Nuestra carta de reclamo funcionó no porque fuera jurídicamente vinculante, sino porque las personas que la entregaron fueron organizadas. Fuimos organizados, visibles, y estuvimos listos para intensificarnos. Esto es lo que logra el pago al obrero y lo que previene represalia.
Esto es como funciona el verdadero poder. No en papel. En la zona.
Construyendo poder en acción: de cartas de reclamo a la intensificación
En Diciembre 30, 2018, intensificamos aún más: entregamos un segundo reclamo pidiendo un aumento general para los empleados de la cocina. Pedimos un aumento de 50¢ inmediato, y otro de 50¢ cada 6 meses a partir de ese momento. No fue caridad- fue una respuesta al incremento de habilidad, experiencia, y responsabilidad que los obreros ya habían tenido , sin compensación. La huelga duró mucho más tiempo de lo que esperábamos, pero sobrepasamos el jefe casi diez a uno y finalmente él cedió.
Menos de un año después, en Julio 3, 2019, entregamos otros reclamos, de nuevo a través de una marcha contra el jefe. Esta vez, cuando el dueño no cumplió, no retrocedimos. Intensificamos estratégicamente:
- Zap de teléfono: obreros y simpatizantes inundaron los teléfonos de los jefes mientras él se fue de vacaciones en Cape Cod con llamadas para demandar acción.
- Volantes en el comedor: durante horas ocupadas, distribuimos volantes que explican la situación a los clientes para pedirles contactar los dueños directamente
- Acción de camisetas: coordinación por turnos donde los obreros vestían los mismos mensajes en su trabajo, creando un sentido de visibilidad y unidad.
No todos las demandas se aceptaron. Unas se ignoraron. Pero con cada acción avanzamos nuestra capacidad colectiva.
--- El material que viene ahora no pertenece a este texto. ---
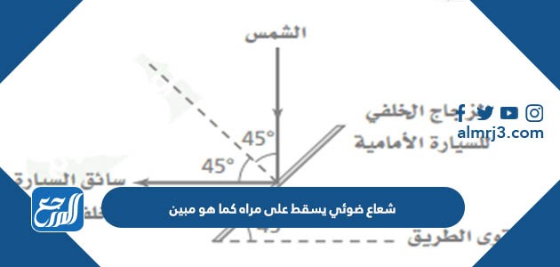 شعاع ضوئي يسقط على مراه كما هو مبين

No solamente hemos mejorado el estilo de nuestras cartas de reclamo- aprendimos cómo intensificar acciones, cómo hacer estrategia, y cómo leer las dinámicas de poder de nuestra zona de producción en tiempo real.
Es algo que un contrato no puede enseñar. Y esta es la razón por la que rechazamos la idea de que acuerdos legales son lo que “solidifica” las alzas. Con demasiada frecuencia, se dice a los obreros que un contrato es el paso final, la prueba de que es “verdad” su sindicato. Pero como podemos ver, especialmente ahora con un NLRB casi paralizado, los contratos sólo tienen la fuerza de la organización que les respalda.
En nuestra campaña, fue la acción lo que ganó el pago atrasado. Fue la organización que ganó más aumentos. Fue la intensificación que obligó a los jefes responder. Y fue el proceso de la huelga misma que nos fortaleció y nos llenó de confianza.
No solo ganamos alzas. Creamos un espacio en que los obreros se transformaron en organizadores. Y en el acto de hacer esto, no solo fuimos resistiendo la explotación; fuimos creyendo el mundo nuevo en la cáscara de lo viejo.
El comité en Sakana disminuyó con los años, y el restaurante se quebró finalmente . Pero la campaña produjo lecciones de organización que aún se relatan en artículos, casos prácticos en entrenamiento, por los más y mejores organizadores que seguimos produciendo en el IWW y a lo largo de la industria de restaurantes.
Este artículo originalmente apareció en la edición 2026 Invierno de la revista Industrial Worker.